La lutte contre le racisme est-elle la grande oubliée du dialogue social sur l’égalité au travail ?

Quelle place occupent les questions ethno-raciales dans la négociation collective en matière d’égalité au travail ? Pour le savoir, Manon Torres, post-doctorante en sociologie du travail à la direction de l’animation de la recherche, des études et des statistiques (Dares) du ministère du travail rattachée au CNAM-CEET, a mené une enquête qualitative publiée en juillet (« La place des questions ethno-raciales dans la négociation collective en matière d’égalité au travail », Valorisation de la recherche n° 20).
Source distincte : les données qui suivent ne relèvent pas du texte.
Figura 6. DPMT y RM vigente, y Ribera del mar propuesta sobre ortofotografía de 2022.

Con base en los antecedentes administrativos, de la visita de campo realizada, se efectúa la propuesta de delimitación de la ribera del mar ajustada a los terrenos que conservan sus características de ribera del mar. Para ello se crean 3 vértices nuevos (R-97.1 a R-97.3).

Fondée sur des entretiens auprès de syndicalistes, de cadres des ressources humaines et sur une analyse documentaire d’accords d’entreprises, cette enquête pointe la faible prise en compte des inégalités ethno-raciales dans les discussions entre partenaires sociaux.
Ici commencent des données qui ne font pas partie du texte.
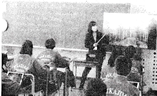
(学習指導講座－1年2組授業風景)

最後に、今年も校内・校外での生活で、新型コロナウイルス感染症予防対策を全員で意識し、今を大切に、頑張っていきましょう。～

Initialement prégnante, la question ethno-raciale a en effet été progressivement diluée dans la lutte contre tous les types de discriminations (genre, orientation sexuelle, religion, handicap, âge, apparence…). En France, l’action publique ne peut pas cibler directement les groupes ethno-raciaux. « Le seul cadre juridique mobilisable en matière d’inégalités ethno-raciales est le droit antidiscriminatoire – faible et peu contraignant, les auteurs de discriminations étant très rarement traduits en justice », relève Manon Torres.
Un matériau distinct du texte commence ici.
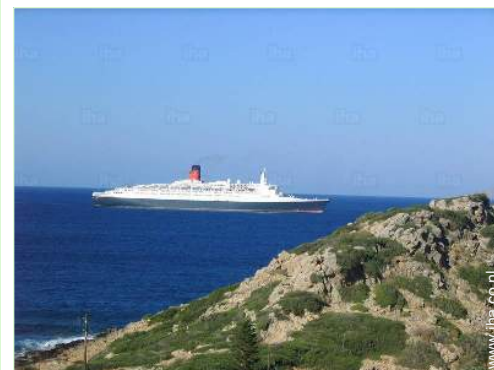
uitzicht vanaf het balkon

Stadscentrum 5km Bushalte/busstation 300m Verhuur van motoren/scooters 500m Autoverhuur 500m Bootverhuur 5km Verhuur van duikmateriaal 5km Bakker 50m Kleine winkeltjes 50m Supermarkt 5km Kapsalon 5km Cybercafé 5km Postkantoor 5km Bank 5km Geldautomaat 5km Apotheek 5km Dokter 5km Ziekenhuis 5km
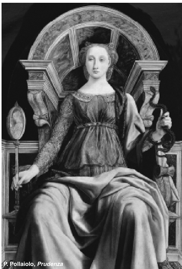
P. Pollaiuolo, Prudenza

Roma. La fondazione Memmo a palazzo Ruspoli, propone sino al 27 gennaio la mostra Da Cranach a Monet. Rassegna che porta in Italia 57 dipinti della celebre collezione Pérez Simón di Città del Messico. Aprono il percorso (che va dal XIV al XX secolo) i capolavori italiani e tedeschi e lo chiudono quelli di Pissarro, Monet e Gauguin. H. tg 10-19,30 da venerdì a domenica fino alle 20,30.
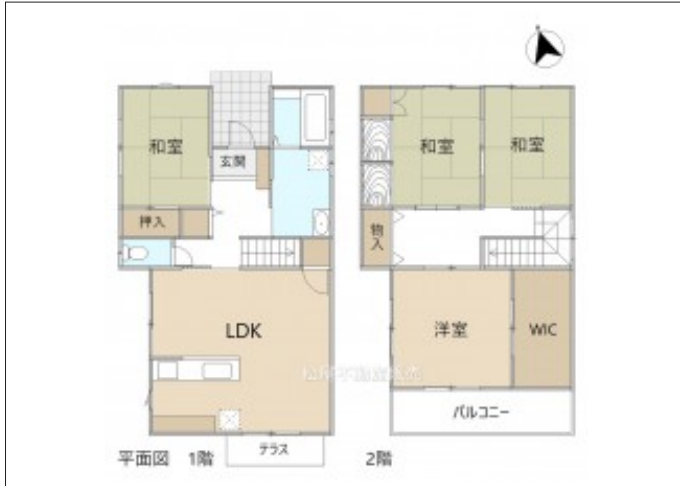
写真 サンプルーム完備の「4LDK」各階に和室完備。リビング16.5帖。開
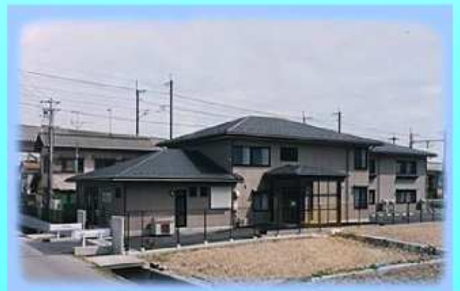
滋賀県大津市南志賀三丁目1番18号

Les spécialistes des politiques de diversité en entreprises membres de l’Association française des managers de la diversité (AFMD) reconnaissaient eux-mêmes lors d’une table ronde en 2024 que la lutte contre le racisme au travail avait été négligée. « Ça n’est pas un sujet de discussion dans les comités sociaux et économiques [CSE] comme peut l’être le handicap ou l’égalité homme-femme, car c’est bien plus polarisant », analyse Maya Hagege, la déléguée générale.

Une sorte d’impensé

Cette marginalisation se retrouve dans le contenu des accords. L’étude relève ainsi que sur 20 031 accords « non-discrimination – diversité » signés entre 2014 et 2021, seulement 227 évoquent potentiellement le critère ethno-racial. Pourtant, le problème perdure : 20 % des descendants d’immigrés et 22 % des immigrés estimaient avoir fait l’objet d’un traitement inégalitaire au travail en raison de leur origine, selon une enquête de l’Institut national d’études démographiques (INED) et de l’Insee de 2019/2020.